В 1924 году в аиле появляется молодой Дюйшен и хочет открыть школу. Он своими силами приводит в порядок сарай на бугре.

Сирота Алтынай живёт в семье тётки, которая тяготится девочкой. Ребёнок видит лишь оскорбления и побои. Она начинает ходить в школу. Ласковое отношение и добрая улыбка Дюйшена согревает ей душу.

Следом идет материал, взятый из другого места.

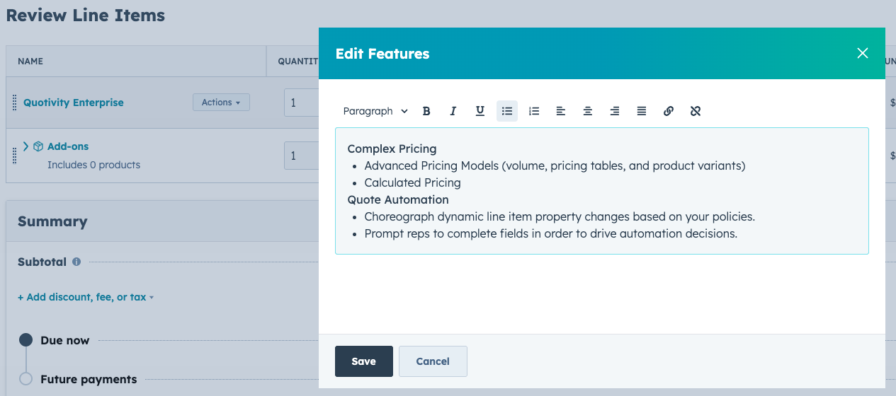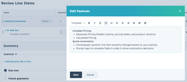If you need to edit the Product Description or Product Features line item properties, just click and it'll open a large editor to make the job easy.
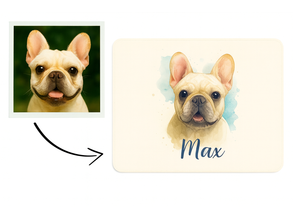 Podložka pod myš s vlastním potiskem mazlíčka v akvarelovém stylu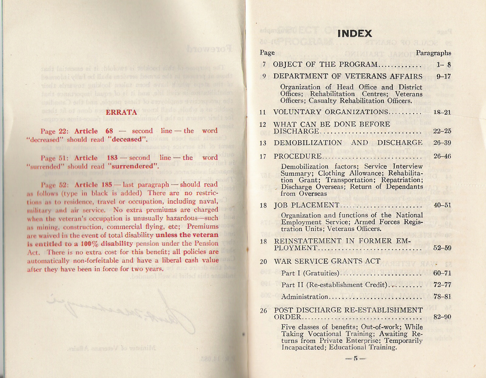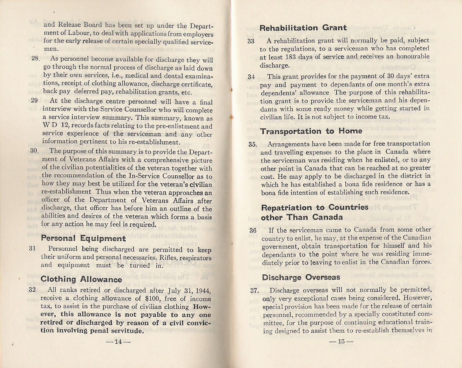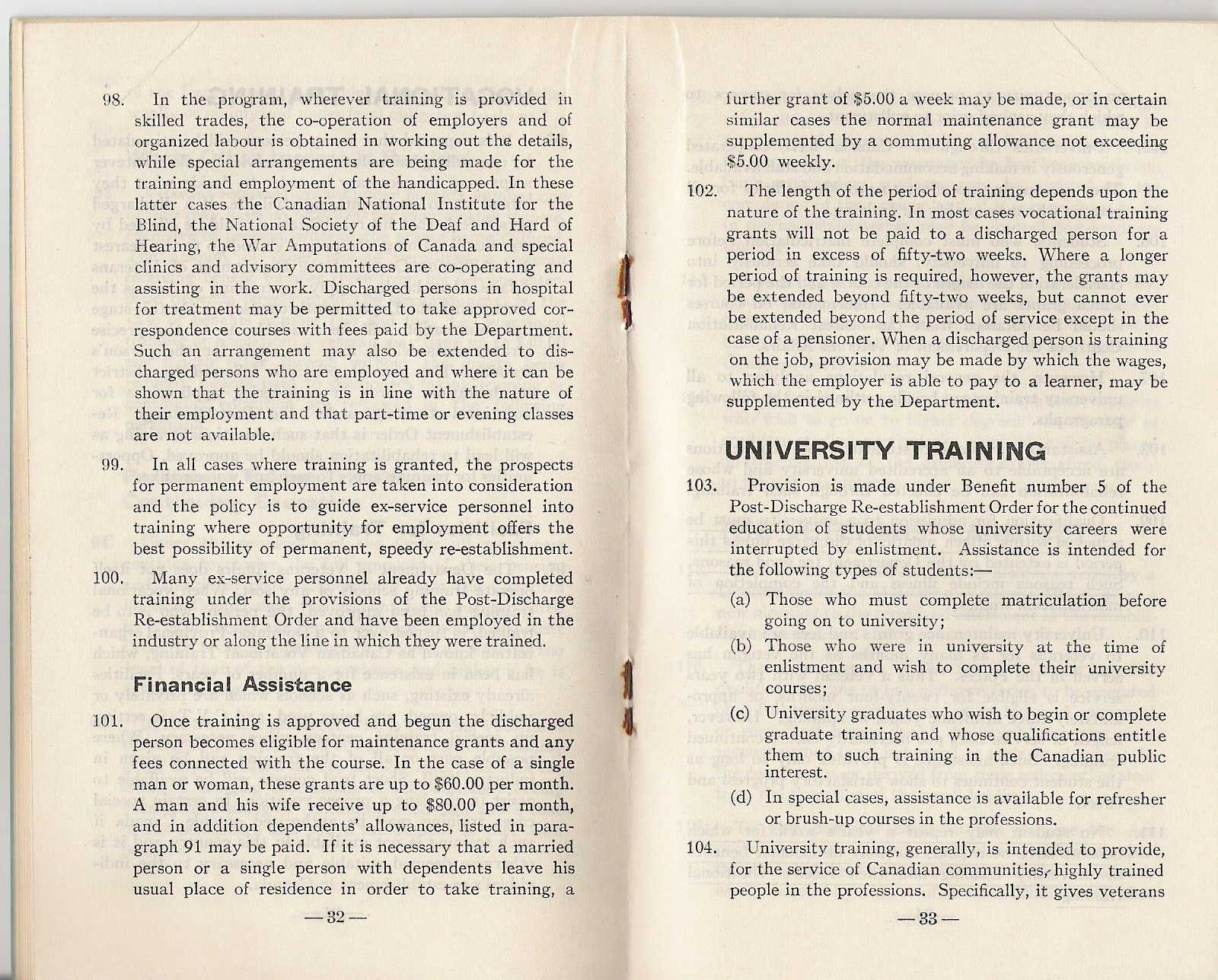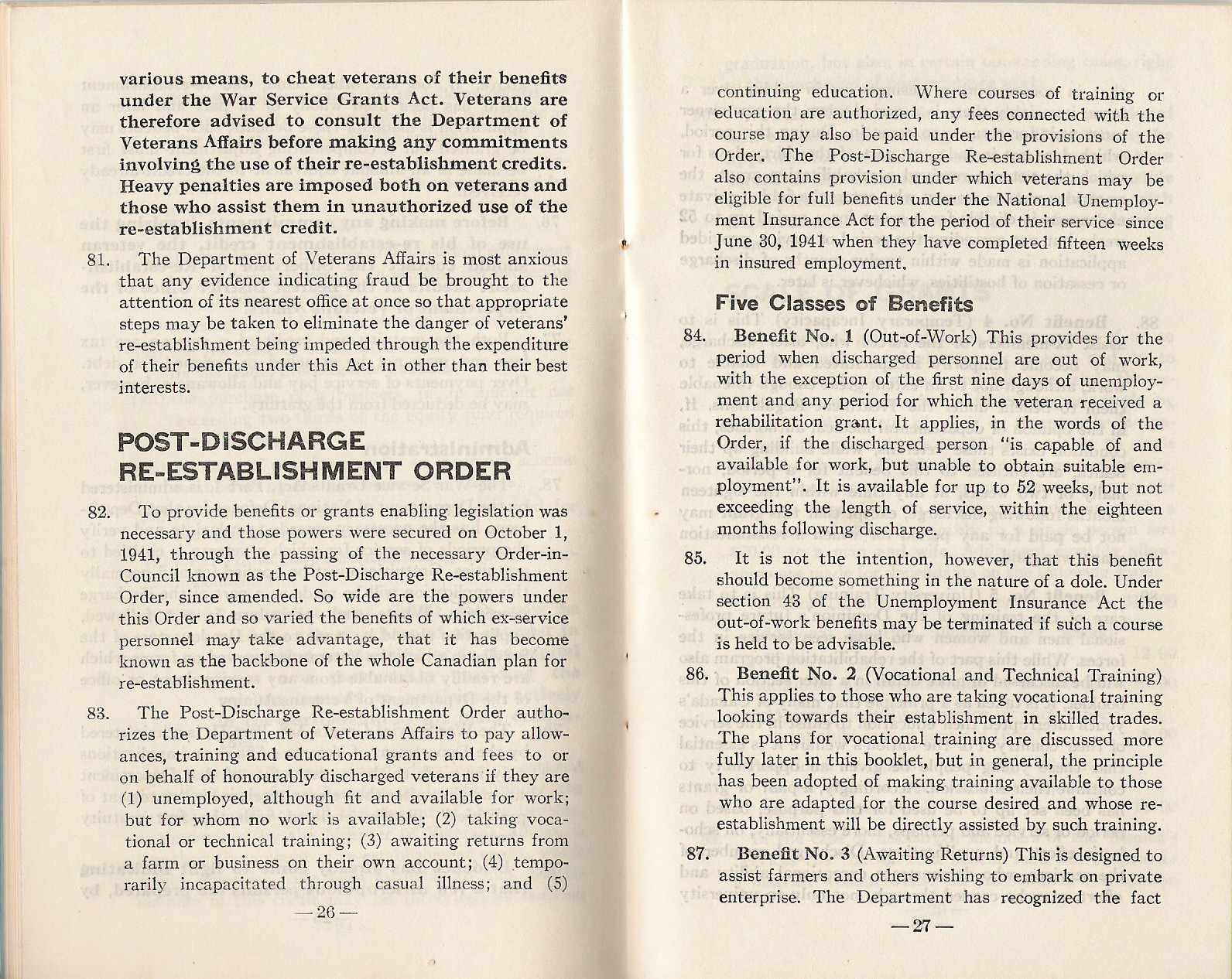 of Steps Taken for Civilian Rehabilitation of Those Who Served

На уроке учитель показывает детям портрет Ленина. Для Дюйшена Ленин - символ светлого будущего простых людей. Алтынай вспоминает то время: «Думаю я сейчас об этом и диву даюсь: как этот малограмотный парень, сам с трудом читавший по слогам, ... как он мог отважиться на такое поистине великое дело!.. Дюйшен не имел ни малейшего представления о программе и методике преподавания... Сам того не ведая, он совершил подвиг... нам, киргизским детям, нигде не бывавшим за пределами аила, ... вдруг открылся... невиданный прежде мир...»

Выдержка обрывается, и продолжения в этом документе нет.